In this section, it will be explained the W210 typical mission profile and the mission phases will be detailed.


Standby phase is a preliminary phase of the operation. The guidance is a “Hold” of Pitch and Roll angles at 0 [rad]. During this phase is possible to check, for example, if the aircraft is correctly controlling the attitude by change it and seeing the control surfaces moving.


Standby phase panel


Hand-Launch phase is the first launch modality. In this case, the aircraft is launched “manually” by a person who has to increase is velocity trying to maintain the platform in a correct attitude. The image below shows the Hand-Launch phase configuration panel.

In this phase, the Guidance is a “Hold” of desired pitch at 0.17 [rad] and desired roll at 0.0 [rad]. It means the platform control system will keep to zero the roll angle and the pitch angle to 10º degrees.


Hand-Launch phase panel

Furthermore, during this phase the motor starts. The image below shows the thrust behavior: during the Hand-Launch phase, thrust starts from zero and reaches the fixed value of 0.3 in 2 seconds.


Hand-Launch phase thrust


Catapult phase is the second launch modality. The takeoff is performed using a catapult which allows reaching the desired speed and maintaining the correct attitude during the launch. The image below shows the Catapult phase configuration panel.


Catapult phase panel

As happens in the Hand-Launch phase, the Guidance is a “Hold” of roll angle at 0.0 [rad] and the desired pitch is the current pitch angle. Thrusting, in this phase, is kept at zero.


Separation is the second phase of this takeoff modality. Guidance is the same “Hold” configuration of the Catapult phase but Thrusting changes. In fact, Thrusting is an instantaneous step from 0 to 1 in order to switch on the motor only when the fan can not be able to hit the catapult.


Separation phase panel


Separation thrusting


Climbing phase is configured to make the airplane reach the mission altitude after the takeoff.




Climbing phase panel

Line Attraction indicates how strongly the aircraft tries to reach a path (climb path in this case). For airplanes, this value is normally kept between 20 and 40.

Set Speed is the speed that will maintain the airplane during climbing (in this case 20 [m/s] is a good value).
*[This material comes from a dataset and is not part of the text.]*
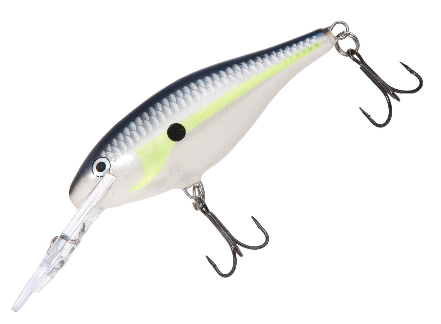 Arm your tackle box on your next fishing trip with the Rapala® Shad Rap® 2-3/4" Crankbait. It is designed for casting and trolling at slow or fast speeds without a negative effect, and the swimming action provides realistic movement to attract fish. Two No. 5 treble hooks secure your catch.

In Climbing phase, the aircraft reaches the mission altitude by performing a spiral route. In order to determine the correct path must be set five different parameters:

  • Radius is the spiral radius
  • Altitude is the height from the ground which must be reached by plane
  • Distance is the distance measured between the starting point of the Climbing phase and the center of the spiral
  • Flight-path Angle is the angle between the path line and the ground reference
  • As final point is possible to decide the rotation direction (counterclockwise or Clockwise)
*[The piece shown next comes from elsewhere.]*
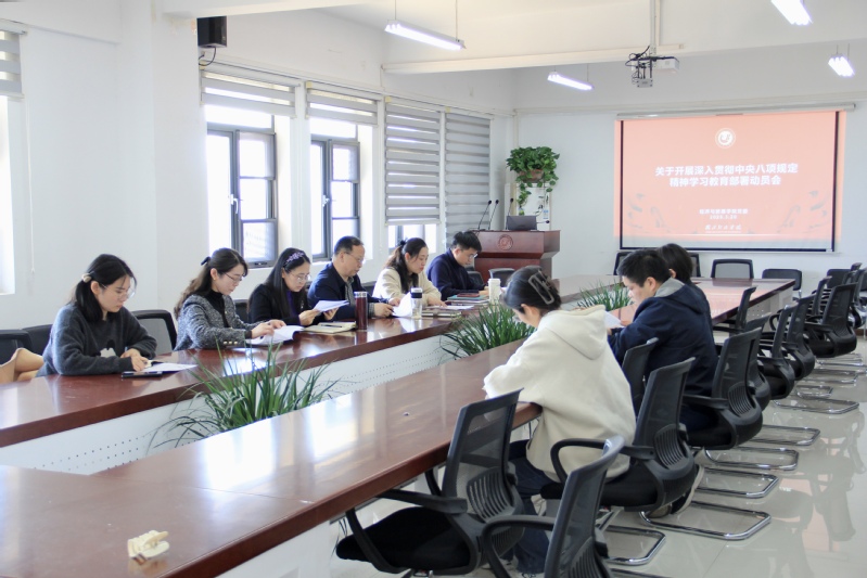 学院党委书记蒋琼对学院学习教育做动员部署。一是提高政治站位,增强政治自觉,深刻认识开展中央八项规定精神学习教育的重要意义。注重主题聚焦与务实高效相统一,充分认识中央八项规定是党的纪律要求的重要体现,深入贯彻中央八项规定精神学习教育,是巩固深化主题教育和党纪学习教育成果、纵深推进全面从严治党的重要举措,是密切党群干群关系、巩固党的执政基础的必然要求。我们要增强开展学习教育的政治自觉,筑牢“两个维护”的思想根基,增强加快建设教育强国的使命感责任感。二是明确工作重点,把握关键环节,一体推进学查改。注重常态长效与日常融入相结合,把学习教育、查摆问题、整改落实贯穿始终,全面深入查找落实中央八项规定及其实施细则精神方面存在的问题,确保查有力度;要推动警示教育与日常监督并行不悖;要坚持以学促干,在理论学习的基础上,深入开展调查研究,把调研成果转化为改进工作、推动发展的实际成效。要坚持边学边查边改,坚持“当下改”与“长久立”相结合,做好完善机制、建章立制的工作,并强化制度的刚性执行,防止问题反弹。三是强化组织领导,狠抓落地落实,推动学习教育见行见效。要统筹兼顾,明确责任分工,确保学习教育有序开展;要聚焦主题重深化,确保学有质量,领导干部要带头学,广大党员要深入学,以“关键少数”带动“绝大多数”;组织党员、干部立足岗位,集智聚力办实事、解难事、促发展,让广大师生可感可及;要充分利用各种宣传渠道和平台,广泛宣传学习教育的重要意义、目标要求和主要内容,营造浓厚的学习氛围;要突出清廉文化,与学院政治生态分析研判、廉洁文化品牌创建相结合,营造崇尚廉洁的良好氛围。

In Cruise phase, the Guidance is a “Cruise”. It means the only parameter to set is the Cruise Speed and in this case, a good value is 20 [m/s].


Cruise phase panel



Hold phase panel

In Hold phase, the Guidance is a “Hold” of three variables:

  • Desired Pitch at 0
  • Desired Roll at 0
  • Desired I.A.S. (Indicated Air Speed) kept to a constant value of 20 [km/h]

It means the aircraft will maintain this attitude until the next phase change.



Landing phase panel

In Landing phase are set:

  • Line Attraction (see Climbing) kept at 20
  • Set Speed fixed at 18 [m/s]
  • Runway is defined by fixing longitude, latitude and WGS84 (Elevation above the Earth ellipsoid) of two points on the map. They represent the runway limits. By clicking on the satellite picture is possible to define the points directly on the map.


Runway definition

Furthermore, in order to correctly set the approach, can be fixed some more parameters:

  • Loiter Descending allows defining a point which will be the center of the descent spiral
  • Flight-path Angle is the angle between the path line and the ground reference
  • Margin and Reverse Margin
  • Horizontal distance for descending
  • Radius of head turn
  • Radius of helix


Flare phase allows defining a point or a zone near the runway where the aircraft will perform a pitch angle change (nose-up) in order to modify its attitude before the touchdown and avoid a possible crash due to a nose-ground direct contact.

The Guidance is a Hold of Desired AGL (Above Ground Level) set to 0 [m], and a Runway which defines the runway position (see Landing).